But there are a few product categories where Iranian producers could regain or establish market share in Europe. In 2000, Iran exported EUR 316 million worth of “floor coverings” to Europe, a figure which primarily reflects the sale of traditional Persian wool rugs. By 2017, the sales amounted to just EUR 28 million. The collapse in Persian rug exports may reflect changing tastes among European consumers, as similar decreases can be seen for the same product category as exported by India, Pakistan, and China. An industry-led campaign to boost the popularity of Persian rugs among younger consumers could help reverse the trend.

Iran’s loss of market share in the export of key foodstuffs is harder to explain. European consumption of pistachios has exploded in the past 20 years, but the increase demand has been met by supply from the United States, the only other major producer of pistachios in the world. Iran lost its mantle as top exporter of pistachios to the EU in 2004. Had it captured just half of the growth in European imports since that date, pistachio exports would be around EUR 150 million higher.

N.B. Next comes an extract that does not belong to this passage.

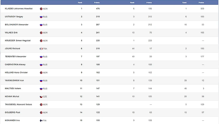 Александр Терентьев: спринт – ½. Александру совсем немного не хватило до попадания в свой первый коньковый финал в карьере. В целом, его выступления на классических гонках выглядят намного конкурентоспособнее, поэтому ждать от него повторения Руки не стоило. В любом случае, молодой лыжник сборной показывает достойные результаты в этом сезоне и заслуженно едет на олимпиаду. Оценка – 8/10.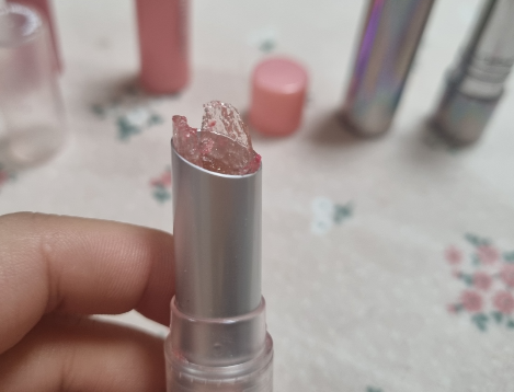 | 외관 디자인 | 투명한 느낌의 케이스 | 핑크색의 얇고 기다람 | 일반 립밤 | 홀로그램 |

Similarly, Iran’s exports of caviar to Europe have fallen from EUR 26 million in 2000 to just EUR 700,000 in 2017. In the same period, exports from the United States have risen from EUR 11 million to EUR 26 million. Exports from China have risen from less than EUR 500,000 to EUR 7 million. It is also notable that Iran’s export of shrimp to Europe has collapsed from EUR 40 million to EUR 2.7 million since 2000, despite the fact that Iran’s seafood industry remains healthy.

 
 

Altogether, by dramatically ceding market share, Iran has likely failed to realize around EUR 250 million of export potential in these categories. However, Iran’s growing exports of saffron, which have risen from EUR 24 million in 2000 to EUR 67 million in 2017, help illustrate that Iranian suppliers can achieve significant growth in the European market. This analysis does not account for the many categories of foodstuffs such as nuts and fruits where Iran’s exports to Europe remain very low, but where Iran ranks among the top global producers.  Generally, Iran could become a reliable supplier of food ingredients and herbal medicine to Europe, but it will require an effort from both sides to facilitate the growth. Iran also exported just over EUR 30 million in pharmaceutical products to the EU in 2017—another potential area for growth. Organizing relevant delegations in both directions to expand commercial ties in these sectors would be an important step.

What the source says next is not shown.